I should add here that while this job was running, I figured out that the lncRNAs had already been annotated in the Crassostrea virginica (Eastern oyster) genome (NCBI GCF_002022765.2), so I had already tackled the lncRNA aspect of things on 20220217. However, having a gonad transcriptome assembly won’t hurt anything, so decided to let this continue running.

The initial run of this got interrupted by a corrupted SAM file (GitHub Issue). It’s unclear what caused this, but during the job, the Mox /gscratch/scrubbed/ directory went over the storage quota… The solution was to attempt a re-run, which ran without issue.
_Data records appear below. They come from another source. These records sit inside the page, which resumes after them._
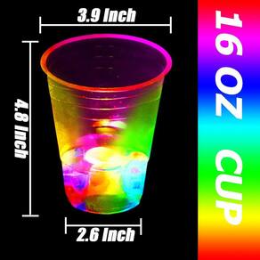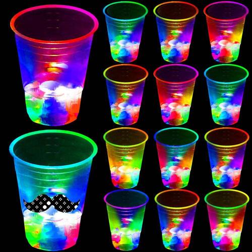 ?INCLUÍDO?Inclui 24 copos de plástico de 16 onças, 24 luzes coloridas LED intermitentes, brilham por 24 horas.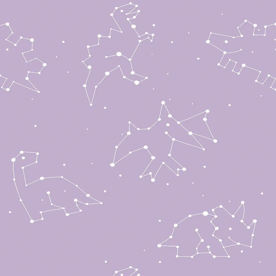 This soft lavender wallpaper highlights white dinosaur constellations, adding a subtle celestial charm. Its soothing tone and magical theme make it a wonderful choice for bedrooms or creative corners.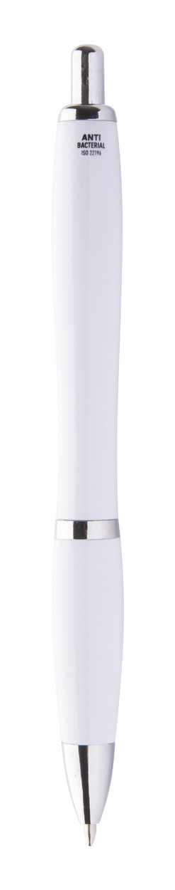Antibakteriális műanyag testű golyóstoll króm részekkel. Nano ezüst adalékanyagot tartalmaz, megakadályozva a baktériumok szaporodását a toll testén. Nyomómechanizmussal működik és kék tollbetéttel szállítjuk. ISO 22196 szabványnak megfelel.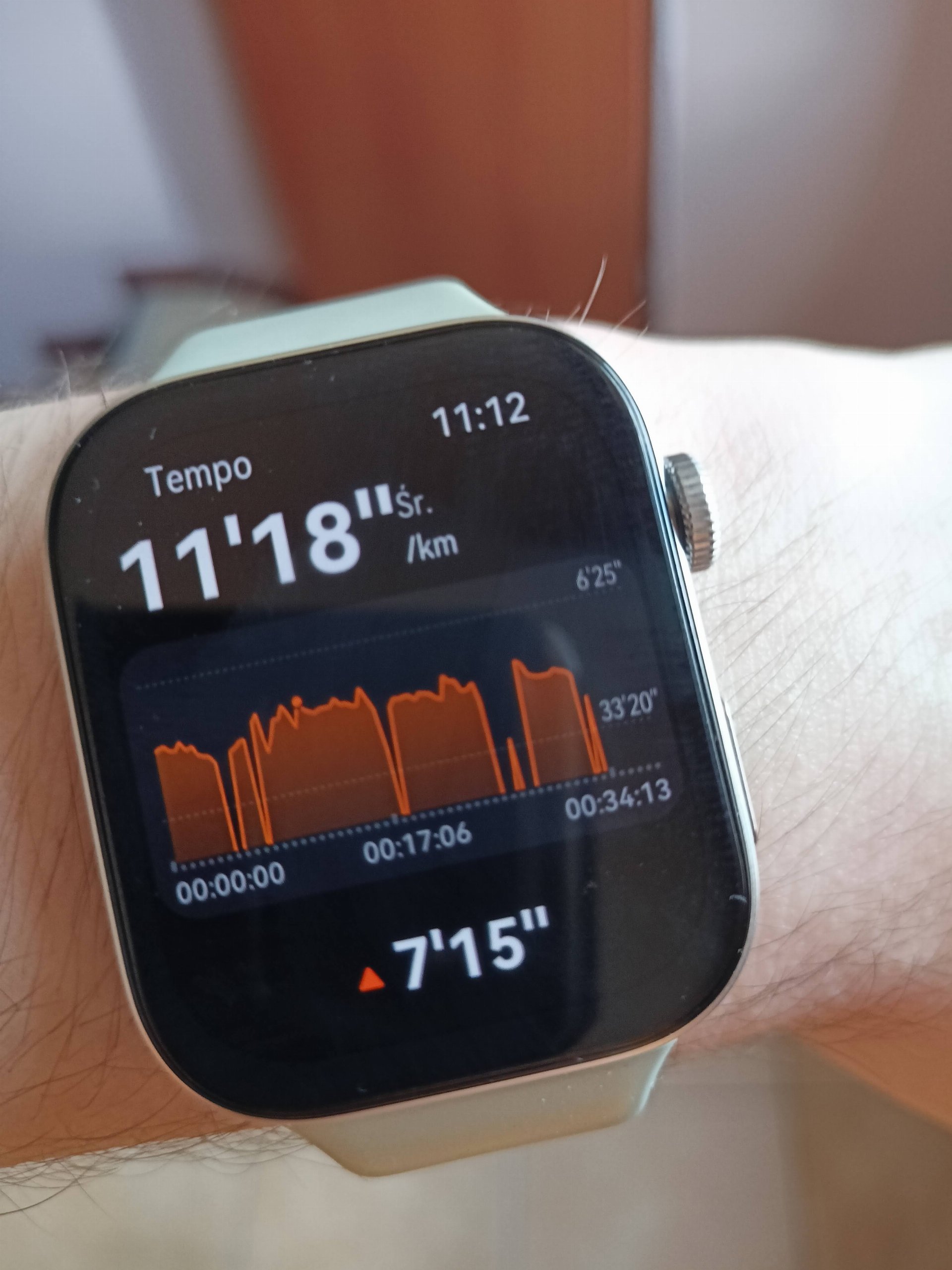 Poniżej możecie zobaczyć dwa treningi – z Watch Fit 3 vs Strava odpalona na Samsungu Galaxy A35 5G.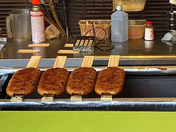 焼きたての五平餅は香ばしい。甘辛い味噌だれが香りを引き立てる。
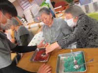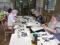 グループホーム中の郷では、年間を通じてたくさんのイベント・行事を開催しています。毎月の季節行事以外にも、誕生会やフラワーセラピー、書道、オカリナ教室などを月1~2回開催しています。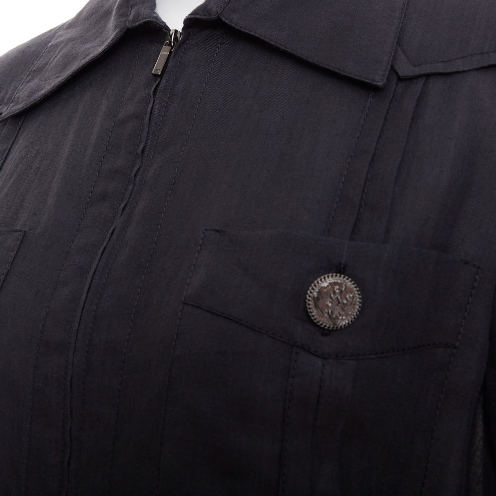 CHANEL Coco Cuba black ramie 4 pocket zip pleated mini dress FR34 XS
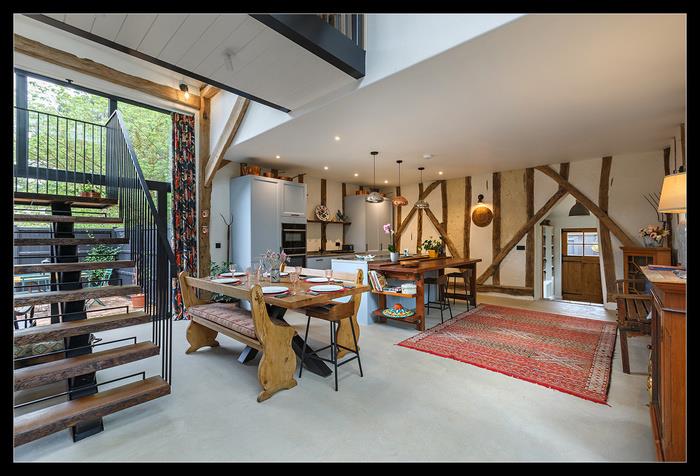 A beautifully presented timber-framed barn that seamlessly blends character features with modern comforts. The property offers versatile accommodation, including two well-proportioned bedrooms on the ground floor, with the principal suite on the first floor, complete with an en-suite bathroom and a walk-in wardrobe. The heart of the home is a spacious open-plan living area, thoughtfully designed to provide a light and airy feel, with direct access to the enclosed terrace—ideal for both relaxing and entertaining. Directions: what3words///toffee.contemplate.hothouseThe Property: The property benefits from an open-plan kitchen, dining and living space on the ground floor, along with entrance hall, utility and WC to one end of the ground floor and two bedrooms with a family bathroom to the other end. Upstairs on the mezzanine level is the principle suite with ensuite shower room and walk in wardrobe along with a spacious sitting room with gable end window. The property is offered on an unfurnished basis however the wardrobe downstairs between the two bedrooms is to remain in the property.

Although, I did implement a change suggested in that issue which was to set the --max_memory to 100G. I had previously been using 500G, but the developer explained this was excessive and not necessary.

SBATCH script (GitHub):

20220207_cvir_trinity-gg_adult-oa-gonad_assembly-1.0.sh

#!/bin/bash
## Job Name
#SBATCH --job-name=20220212_cvir_trinity-gg_adult-oa-gonad_assembly-1.0
## Allocation Definition
#SBATCH --account=srlab
#SBATCH --partition=srlab
## Resources
## Nodes
#SBATCH --nodes=1
## Walltime (days-hours:minutes:seconds format)
#SBATCH --time=21-00:00:00
## Memory per node
#SBATCH --mem=500G
##turn on e-mail notification
#SBATCH --mail-type=ALL
#SBATCH --mail-user=samwhite@uw.edu
## Specify the working directory for this job
#SBATCH --chdir=/gscratch/scrubbed/samwhite/outputs/20220212_cvir_trinity-gg_adult-oa-gonad_assembly-1.0

### Genome-guided (NCBI RefSeq GCF_002022765.2) de novo transcriptome assembly of C.virginica adult OA gonda RNAseq.
### See input_fastqs.md5 file for list of input files used for assembly.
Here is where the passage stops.